• _GIVEN RECORDS_:
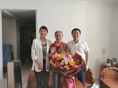 在老党员家中,郭亚东、陈晨、张小刚一行首先亲切询问了四名老党员的身体状况及家庭生活情况,感谢他们几十年来为党和医院事业发展所作出的贡献,与他们重温入党初心,共忆艰苦岁月,并致以节日问候,希望他们好好保重身体,永葆共产党员的本色。随后,院领导郑重地为入党已满五十年的四名老党员颁发纪念章并献上了鲜花。
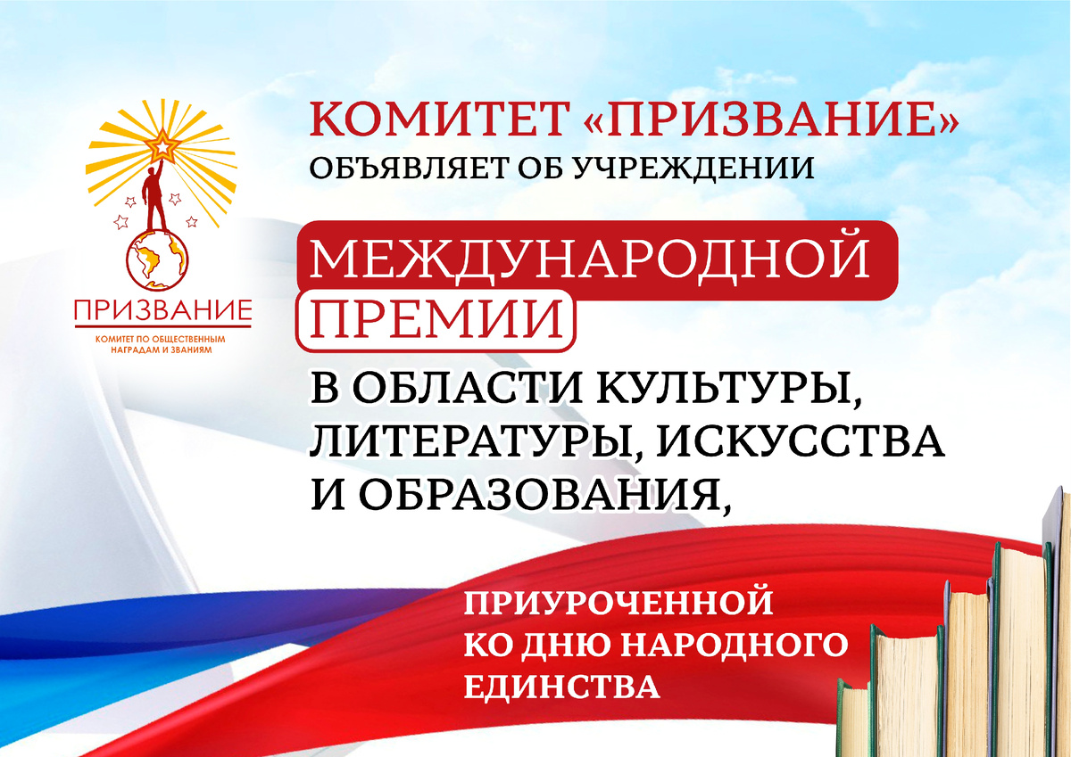 Комитет «Призвание», руководствуясь высшими идеалами служения обществу и развитию гуманитарного знания, объявляет об учреждении Международной премии в области культуры, литературы, искусства и образования, приуроченной ко Дню народного единства. Эта премия задумана как масштабный, системный проект, целью которого является выявление, поддержка и публичное признание наиболее выдающихся деятелей и проектов, формирующих современное культурное пространство и укрепляющих его интеллектуальные, духовные и образовательные основы. Награждение является не только актом признания прошлых достижений, но и инвестицией в будущее, символизируя призвание лауреатов к дальнейшей созидательной работе. Премия будет присуждаться на конкурсной основе по следующим категориям (в каждой категории может быть только один лауреат): 1. За выдающийся вклад в развитие международного культурного сотрудничества и диалога; 2. За создание социально значимой литературы для детей и юношества, формирующей ценности доброты, с
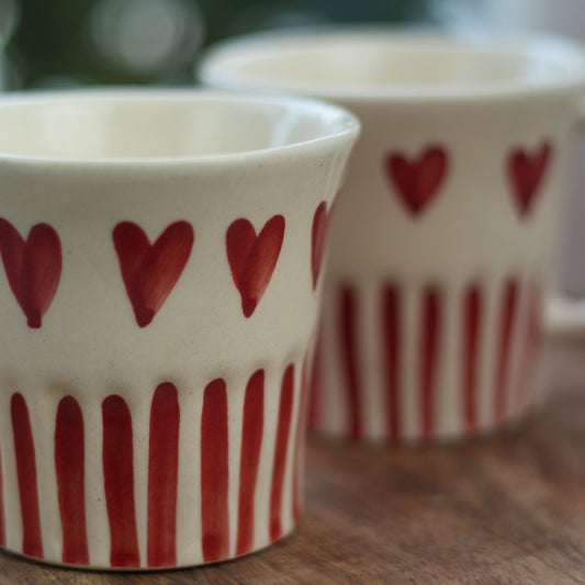 Handcrafted Ceramic Mugs with Red Heart Design, Set of 1
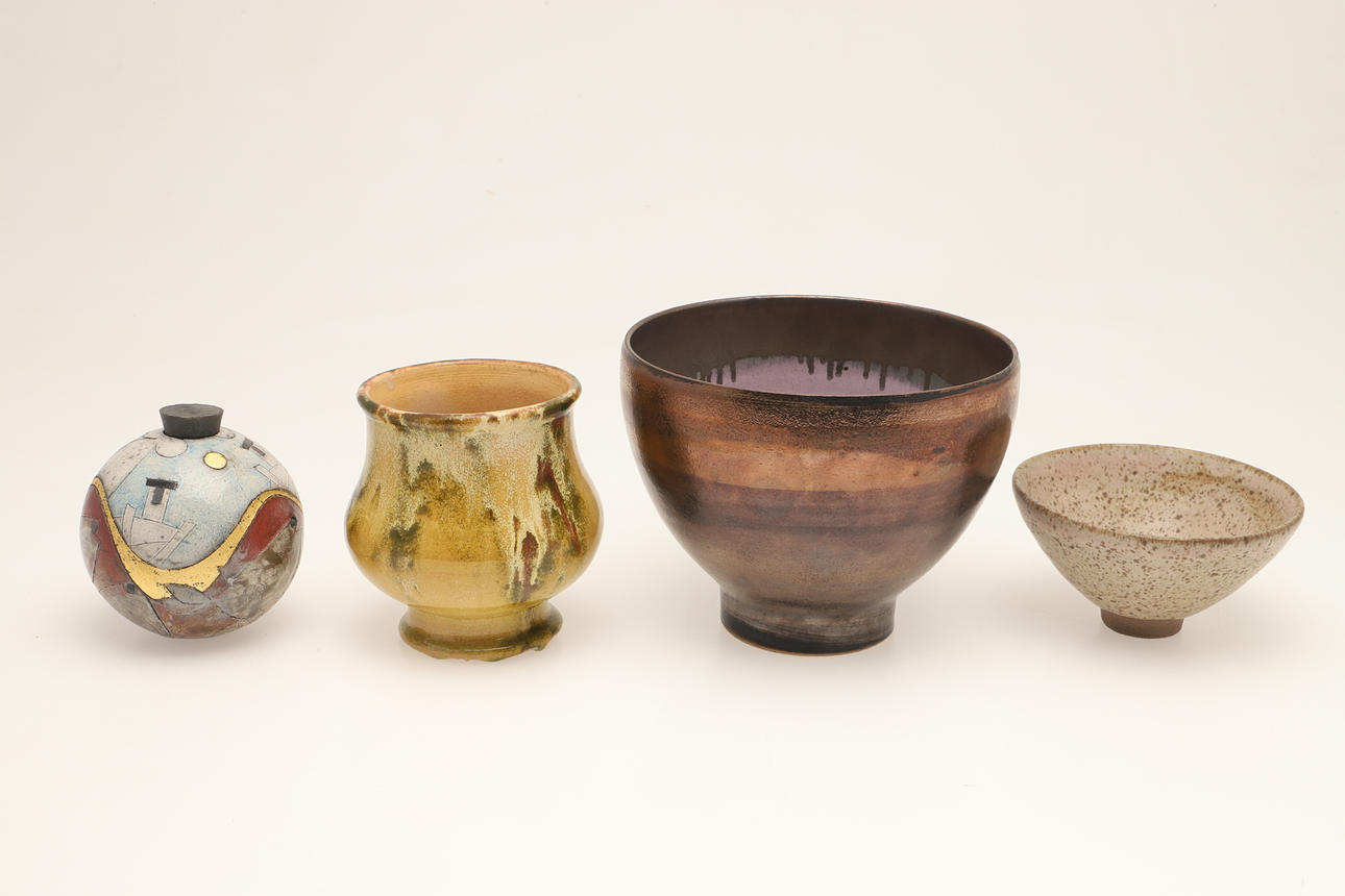 To include a large bowl by Sarah Perry, height 13.5cm, diameter 17cm). A decorative urn/vase, height 12cm and two other studio pottery items. (4).
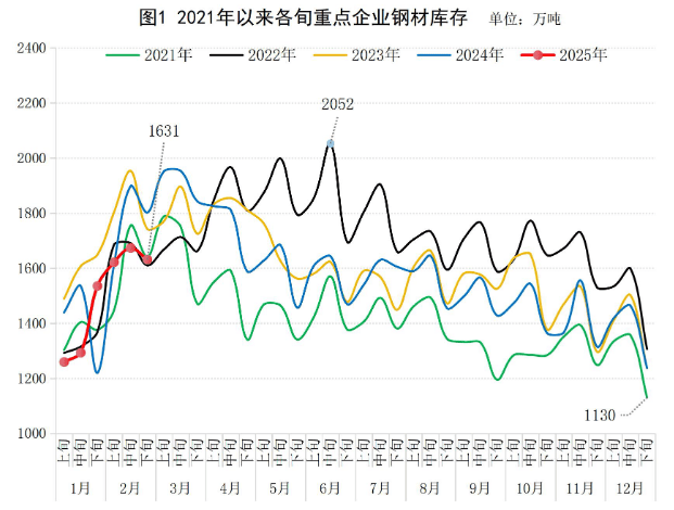 2025年2月下旬,重點(diǎn)統(tǒng)計(jì)鋼鐵企業(yè)(以下簡(jiǎn)稱“重點(diǎn)企業(yè)”)鋼材庫(kù)存量1631萬噸,環(huán)比上一旬減少42萬噸,下降2.5%;比年初增加394萬噸,增長(zhǎng)31.9%;比上月同旬增加96萬噸,增長(zhǎng)6.3%;比去年同旬減少171萬噸,下降9.5%,比前年同旬減少111萬噸,下降6.4%(見圖1)。

• _WHAT YOU NEED TO DO_:
Transcribe all data precisely. Pictures are not copied.

• _ANSWER FOR THIS EXERCISE_:
 在老党员家中,郭亚东、陈晨、张小刚一行首先亲切询问了四名老党员的身体状况及家庭生活情况,感谢他们几十年来为党和医院事业发展所作出的贡献,与他们重温入党初心,共忆艰苦岁月,并致以节日问候,希望他们好好保重身体,永葆共产党员的本色。随后,院领导郑重地为入党已满五十年的四名老党员颁发纪念章并献上了鲜花。
 Комитет «Призвание», руководствуясь высшими идеалами служения обществу и развитию гуманитарного знания, объявляет об учреждении Международной премии в области культуры, литературы, искусства и образования, приуроченной ко Дню народного единства. Эта премия задумана как масштабный, системный проект, целью которого является выявление, поддержка и публичное признание наиболее выдающихся деятелей и проектов, формирующих современное культурное пространство и укрепляющих его интеллектуальные, духовные и образовательные основы. Награждение является не только актом признания прошлых достижений, но и инвестицией в будущее, символизируя призвание лауреатов к дальнейшей созидательной работе. Премия будет присуждаться на конкурсной основе по следующим категориям (в каждой категории может быть только один лауреат): 1. За выдающийся вклад в развитие международного культурного сотрудничества и диалога; 2. За создание социально значимой литературы для детей и юношества, формирующей ценности доброты, с
 Handcrafted Ceramic Mugs with Red Heart Design, Set of 1
 To include a large bowl by Sarah Perry, height 13.5cm, diameter 17cm). A decorative urn/vase, height 12cm and two other studio pottery items. (4).
 2025年2月下旬,重點(diǎn)統(tǒng)計(jì)鋼鐵企業(yè)(以下簡(jiǎn)稱“重點(diǎn)企業(yè)”)鋼材庫(kù)存量1631萬噸,環(huán)比上一旬減少42萬噸,下降2.5%;比年初增加394萬噸,增長(zhǎng)31.9%;比上月同旬增加96萬噸,增長(zhǎng)6.3%;比去年同旬減少171萬噸,下降9.5%,比前年同旬減少111萬噸,下降6.4%(見圖1)。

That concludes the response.